TASK OBJECTIVE: Restate word for word the entries below, starting at the line with "5月8日下午,华东师大学习贯" and ending at the line with "Outer space or". Keep both end lines and omit the pictures.

%%

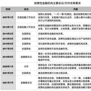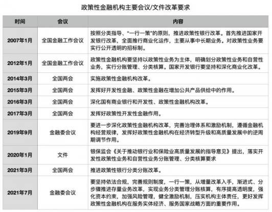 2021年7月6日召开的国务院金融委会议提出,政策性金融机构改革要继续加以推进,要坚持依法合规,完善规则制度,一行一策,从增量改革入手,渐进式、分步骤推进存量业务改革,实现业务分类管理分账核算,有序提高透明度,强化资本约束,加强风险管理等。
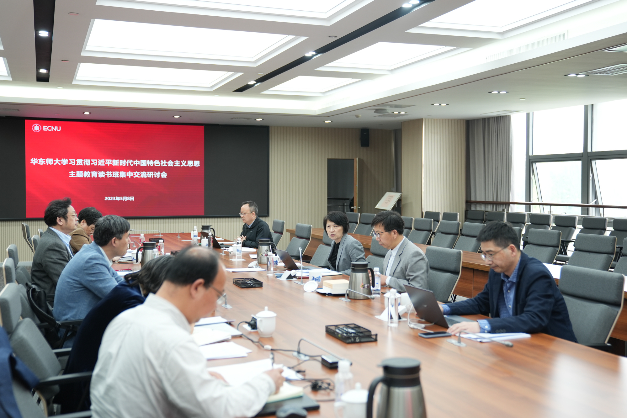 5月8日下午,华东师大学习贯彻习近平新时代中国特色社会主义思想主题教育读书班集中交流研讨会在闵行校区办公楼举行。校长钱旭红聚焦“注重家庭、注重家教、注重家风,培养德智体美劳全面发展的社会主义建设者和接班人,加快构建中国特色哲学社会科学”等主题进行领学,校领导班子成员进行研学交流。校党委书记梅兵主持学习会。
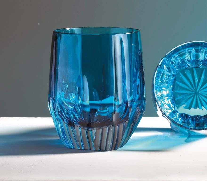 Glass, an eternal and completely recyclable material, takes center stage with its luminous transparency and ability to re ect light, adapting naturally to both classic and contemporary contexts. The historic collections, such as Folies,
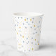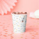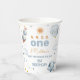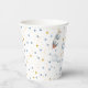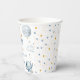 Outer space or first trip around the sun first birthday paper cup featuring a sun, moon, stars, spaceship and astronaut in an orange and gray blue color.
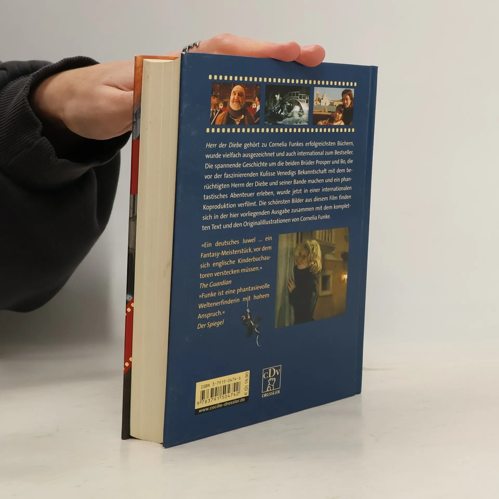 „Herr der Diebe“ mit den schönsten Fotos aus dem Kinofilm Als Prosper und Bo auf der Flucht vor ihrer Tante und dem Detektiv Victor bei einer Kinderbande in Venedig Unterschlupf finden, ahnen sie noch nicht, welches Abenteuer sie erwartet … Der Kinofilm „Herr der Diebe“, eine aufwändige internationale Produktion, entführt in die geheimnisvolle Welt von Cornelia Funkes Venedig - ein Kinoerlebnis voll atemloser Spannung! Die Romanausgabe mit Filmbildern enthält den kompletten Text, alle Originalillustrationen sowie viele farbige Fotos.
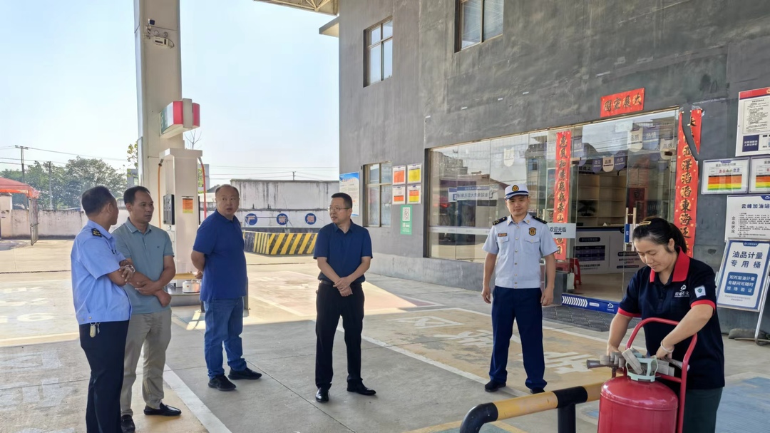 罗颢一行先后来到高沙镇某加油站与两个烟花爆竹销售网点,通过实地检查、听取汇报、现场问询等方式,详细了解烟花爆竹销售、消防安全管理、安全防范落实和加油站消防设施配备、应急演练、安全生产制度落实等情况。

%%

OUTPUT:
 5月8日下午,华东师大学习贯彻习近平新时代中国特色社会主义思想主题教育读书班集中交流研讨会在闵行校区办公楼举行。校长钱旭红聚焦“注重家庭、注重家教、注重家风,培养德智体美劳全面发展的社会主义建设者和接班人,加快构建中国特色哲学社会科学”等主题进行领学,校领导班子成员进行研学交流。校党委书记梅兵主持学习会。
 Glass, an eternal and completely recyclable material, takes center stage with its luminous transparency and ability to re ect light, adapting naturally to both classic and contemporary contexts. The historic collections, such as Folies,
 Outer space or first trip around the sun first birthday paper cup featuring a sun, moon, stars, spaceship and astronaut in an orange and gray blue color.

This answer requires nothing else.